The Canaries soon acquire an unexpected fan in the boss’s wife, Helen Purcell, who is deeply troubled by reports that Danger Building workers suffer from serious, unexplained illnesses. One common symptom, the lurid yellow hue of their skin, earns them the nickname “canary girls.” Suspecting a connection between the canary girls’ maladies and the chemicals they handle, Helen joins the arsenal administration as their staunchest, though often unappreciated, advocate.

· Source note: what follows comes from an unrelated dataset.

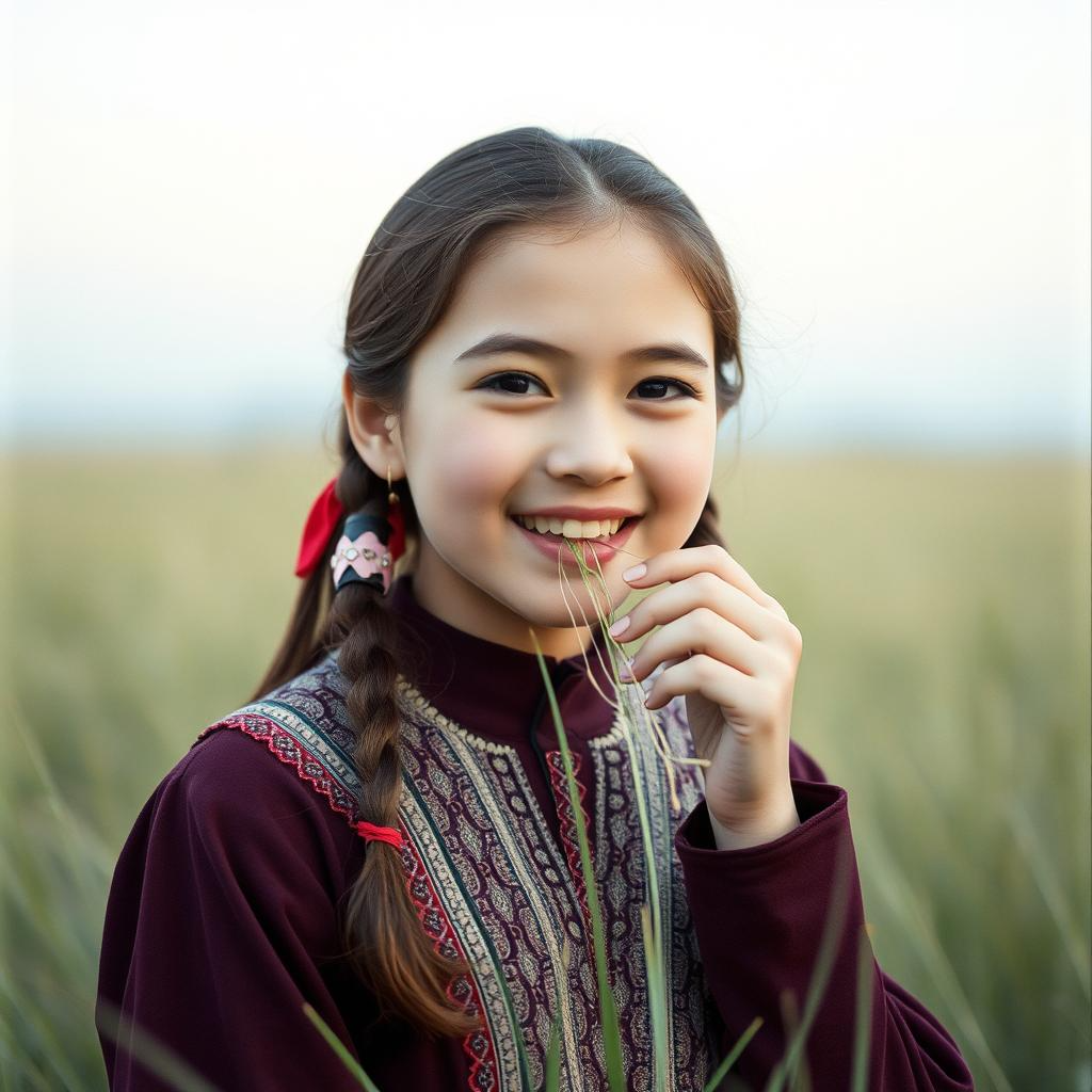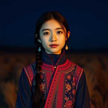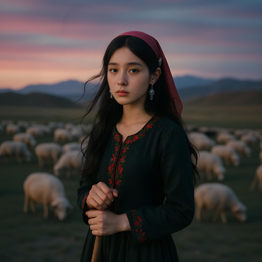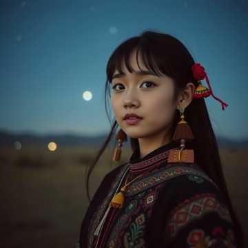 Story: On a starry night in rural China, a young girl sits on the grassland, yearning for her beloved far away, Gazing at the smoke rising from the distant village, her eyes filled with loneliness and solitude, Style: A majestic, dreamy, and ethereal electronic music reminiscent of the Chinese Uyghur night sky, complemented by soft, dark, and cool future bass, Vocals: A light, ethereal, and poignant young girl's innocent voice, with a sweet, high falsetto, dolphin-like high notes, catchy and exceptional technique, and a slight reverberation, Tempo: 90-100 BPM, medium tempo, Mood: Dark disappointment, melodic sadness, waiting and longing, Instruments: Pipa, crisp horse-head fiddle, ethnic drum beats, ethnic melody samples, spatial quality, soft future bass synthesizer, and electric vocal interludes, Arrangement: The overall arrangement is atmospheric and dreamy, flowing smoothly with clean transitions, creating an irresistible and melodic sound

The football pitch is the one place where class distinctions and fears for their men fall away. As the war grinds on and tragedy takes its toll, the Canary Girls persist despite the dangers, proud to serve, determined to outlive the war and rejoice in victory and peace.
PUBLISHERS WEEKLY
Chiaverini (Resistance Women) adds to the glut of revisionist war stories featuring strong women characters with a serviceable if overlong tale focused on England during WWI, where women were encouraged to take jobs in industry and agriculture. Former suffragette Helen Purcell marries an industrialist who converts his family's sewing machine manufacturer into a munitions factory. Poor young April Tipton, tired of the grueling work of a housemaid, learns she can make a better wage in a factory. Lucy Dempsey's famous footballer husband is away with the English Footballers' Battalion. All three women converge at Purcell's arsenal, where April and Lucy work as "munitionettes" in the Danger Building filling fuse caps with yellow TNT powder. Soon, their skin turns yellow, earning them the nickname "canary girls" but also giving them chest pain, coughs, and vomiting. Helen, with her clout as the boss's wife, becomes the factory's welfare supervisor to monitor the girls' health. Meanwhile, Lucy helps organize a factory football team, a welcome distraction. Though Chiaverini takes too long establishing the characters, she succeeds at immersing readers in 1914 London, with convincing details of munitions manufacturing, stark class disparities, patriotic duty, and soccer matches. Those willing to go the distance will root for these indomitable women.